In groups of two or three, sketch out table diagrams similar to what we just saw in the previous example (commonly called ERD or Entity Relationship Diagrams), that would allow all these questions to be answered. Your tables should include primary keys and foreign keys where appropriate.

Online sketching resources include: [drawsql](https://drawsql.app/), [visual-paradigm](https://online.visual-paradigm.com/), or [DrawIO](https://app.diagrams.net/)

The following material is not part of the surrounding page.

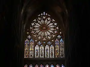 La verrière a des proportions monumentales. Haute de vingt-huit mètres, elle est large de treize mètres. Sa rosace est du type de la « Rota », une rose à composition radiale de onze mètres de diamètre. Son œil quadrilobé est entouré de seize quartiers trilobés au premier rang, de huit quadrilobes et huit trilobes alternés au second rang. Un écoinçon à cinq ajours complète le tympan. Sous la rose, quatre quadrilobes et sept écoinçons assurent la jonction avec le registre supérieur formé de huit lancettes trilobées. Le registre inférieur présente huit lancettes lancéolées. Les barlotières utilisées sont orthogonales, type d’assemblage commun depuis le XIIe siècle.

# The Quest for Efficiency
## Creating Indexes
- We've talked previously about indexes from a theoretical view, now to put them into practice
- Postgres will automatically index any column that is a primary key or which has the `UNIQUE` constraint
- You can choose to set up indexes on other columns as well though
- By default, the assigned index type is a B-Tree index in Postgres
  - B-Trees work best for _orderable_ type data
  - You _can_ assign other types of indexes to columns though, so you can somewhat customize to what will work best
    - Index types like _Generalized Inverted Index_ (GIN) and _Generalized Search Tree_ (GiST) will be discussed later as they come up

```{.pgsql style='font-size:1em'}
CREATE INDEX |||index_name||| ON |||table||| (|||column|||);
```


## Benchmarking
- One of the prime reasons for creating an index is to speed up access or manipulation of the data later
- How can we objectively test this?
  - Postgres has the `EXPLAIN` keyword to give you information about what the database is doing in the background
  - Using `EXPLAIN ANALYZE` will also give you timing information about how long it took a query to run
- `EXPLAIN` always comes at the start of your query
- Other SQL variants have their own versions, but most have some method of getting information back about execution time or what is being done under the hood


## Costs
- Indexes always have a cost associated with them, both in initial setup and in every time new data is added to the column
  - Also, they are stored information, so they can also inflate your database size
- Consider indexing only those columns that receive the heaviest of use in filters or in joining
- You never need to worry about indexing primary keys or unique columns, as those are done automatically
- When in doubt, **benchmark** your queries before and after adding an index to see if you are really gaining much from it!